The company became influential in the 1930s, and success came through Peer's introducing Central American music to the world. In 1940, there was a major development when a dispute between the copyright organization American Society of Composers, Authors and Publishers (ASCAP) and US radio stations led to the inauguration of the rival Broadcast Music Incorporated (BMI). BMI supported music by blues, country and hillbilly artists, and Peer, through his Peer-International company, soon contributed a major part of BMI's catalogue.

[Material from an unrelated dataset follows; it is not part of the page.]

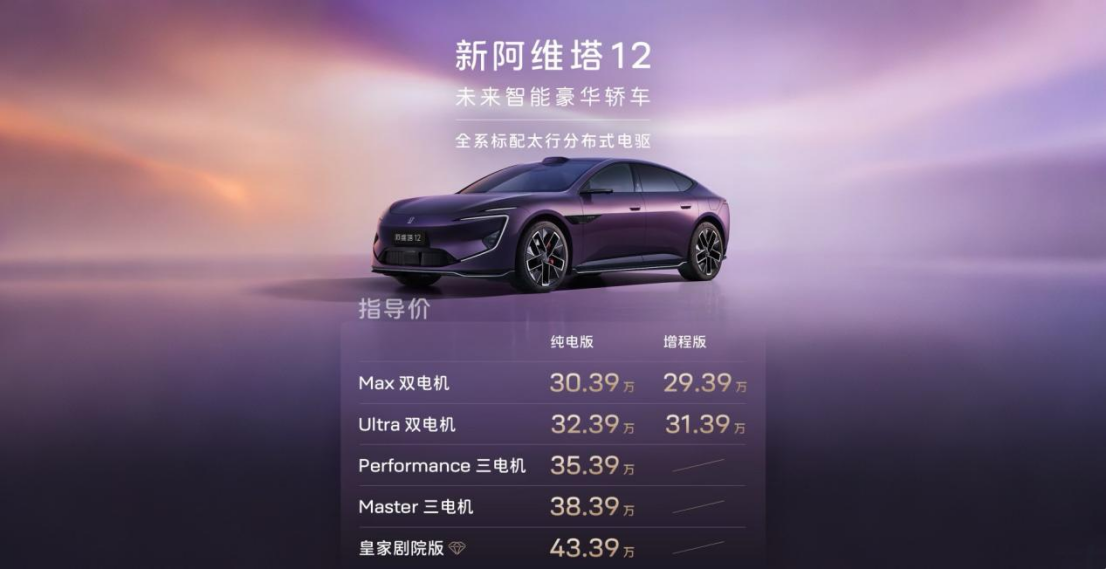 作为华为乾崑战略合作 2.0 首款上市车型,新阿维塔 12 并非简单改款,而是一次智能化代际跃迁。它不仅是华为乾崑深度赋能的旗舰轿车,更率先落地最新技术成果,以全域智能与底层安全,重新定义旗舰智能轿车价值标准。新车提供纯电与增程双动力选择,共 7 款配置,售价区间 29.39 万元 —43.39 万元,并推出多重购车礼遇:5 年贷前两年 0 息、万元购置税补贴、外饰色与座椅升级、置换增购补贴等,全面降低旗舰智驾门槛。

Of the songs in Harry Smith’s Anthology of American Folk Music (1952), one third of the pre-war recordings deemed significant were done by Peer. He attributed the beginning of the modern folk era as 1923 when Peer went to Atlanta.

During and after World War II Peer published songs such as "Deep in the Heart of Texas" and "You Are My Sunshine" (sung by Jimmie Davis, covered by Bing Crosby and many others), "Humpty Dumpty Heart" (Glenn Miller), "You're Nobody till Somebody Loves You" (Russ Morgan), "The Three Caballeros" (Andrews Sisters), "Say A Prayer For The Boys Over There" (Deanna Durbin), "I Should Care", and "The Coffee Song" (both Frank Sinatra). In 1945, he published Jean Villard and Bert Reisfeld's composition "Les trois cloches" ("The Three Bells"), which was recorded by The Browns.

In the 1950s, Peer published "Mockingbird Hill", a million seller for Patti Page, "Sway" (Dean Martin and Bobby Rydell), and the novelty "I Know An Old Lady" (Burl Ives). Then came rock 'n' roll and Southern published hits by Buddy Holly, Little Richard, The Big Bopper, and The Platters.

Starting in the late 1940s, Peer took an avid interest in horticulture, growing and becoming an expert on camellias. He died in Hollywood, California, on January 19, 1960.

==Honors==
In 1955, Ralph S. Peer was awarded the Veitch Memorial Medal by the Royal Horticultural Society (RHS).

Peer was elected to the Country Music Hall of Fame in 1984 and the Blues Hall of Fame in 2020/2021.

== Legacy ==
In 2017, Peer was featured in the award-winning documentary series American Epic. Directed by Bernard MacMahon, the films featured restored audio recordings of Ralph Peer discussing how he found and recorded some of the first country, blues, and RnB musicians in the 1920s.